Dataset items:
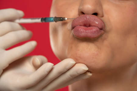 Cosmetology procedure for lip augmentation and wrinkle removal for a young beautiful girl. Cosmetology
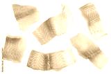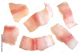 Pangasius fish fillet, pieces on a green lettuce leaf. Isolated on a white background. Fresh Fish Fillet.
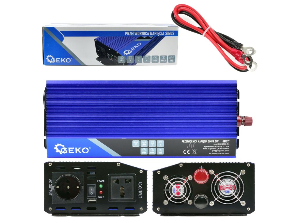 Ez a típusú átalakító alkalmas különböző eszközök, például elektromos szerszámok, szivattyúk, háztartási gépek, szórakoztatóelektronikai és audiovizuális berendezések táplálására. Ideális teherautókban és lakóautókban való használatra, ahol 24V-os elektromos rendszer található. Az átalakító F típusú aljzattal és univerzális aljzattal rendelkezik, a csomagban pedig egy akkumulátorkapcsoló kábel is található.
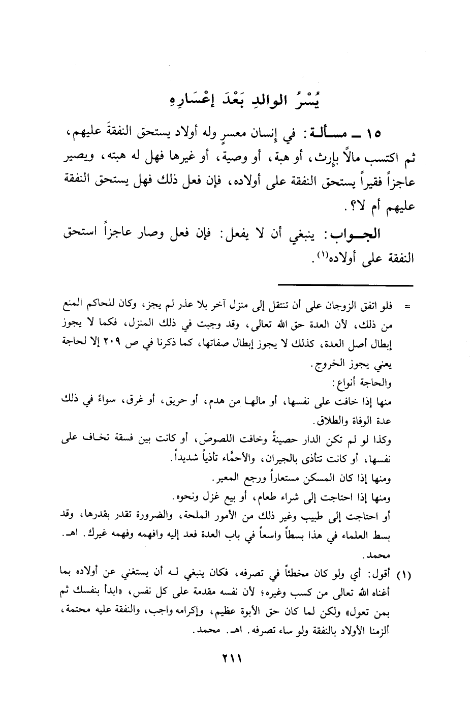(¬1) أقول: أي ولو كان مخطئًا في تصرفه، فكان ينبغي له أن يستغني عن أولاده بما أغناه الله تعالى من كسب وغيره؛ لأن نفسه مقدمة على كل نفس، "ابدأ بنفسك ثم بمن تعول، ولكن لما كان حق الأبوة عظيم، وإكرامه واجب، والنفقة عليه محتمة، ألزمنا الأولاد بالنفقة ولو ساء تصرفه. اهـ. محمد.
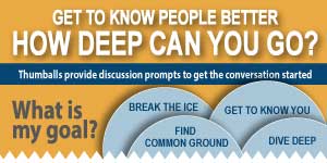 - Thumballs. These require players to toss a ball, catch it, and respond to the prompt under their thumb. When using one of the trainer resources like this, consider how well the group knows each other and what sort of discussion topics would be welcome. Do you need to avoid uncomfortable silences? Get to know each other better? Or, dig into discussions about Stress, Diversity, Goals, Team Dynamics, etc.?

Exercise directions: The reply should hold an exact repeat of the entries from their opening line through the line with "(¬1) أقول: أي", and no pictures at all.

Finished task:
 Cosmetology procedure for lip augmentation and wrinkle removal for a young beautiful girl. Cosmetology
 Pangasius fish fillet, pieces on a green lettuce leaf. Isolated on a white background. Fresh Fish Fillet.
 Ez a típusú átalakító alkalmas különböző eszközök, például elektromos szerszámok, szivattyúk, háztartási gépek, szórakoztatóelektronikai és audiovizuális berendezések táplálására. Ideális teherautókban és lakóautókban való használatra, ahol 24V-os elektromos rendszer található. Az átalakító F típusú aljzattal és univerzális aljzattal rendelkezik, a csomagban pedig egy akkumulátorkapcsoló kábel is található.
(¬1) أقول: أي ولو كان مخطئًا في تصرفه، فكان ينبغي له أن يستغني عن أولاده بما أغناه الله تعالى من كسب وغيره؛ لأن نفسه مقدمة على كل نفس، "ابدأ بنفسك ثم بمن تعول، ولكن لما كان حق الأبوة عظيم، وإكرامه واجب، والنفقة عليه محتمة، ألزمنا الأولاد بالنفقة ولو ساء تصرفه. اهـ. محمد.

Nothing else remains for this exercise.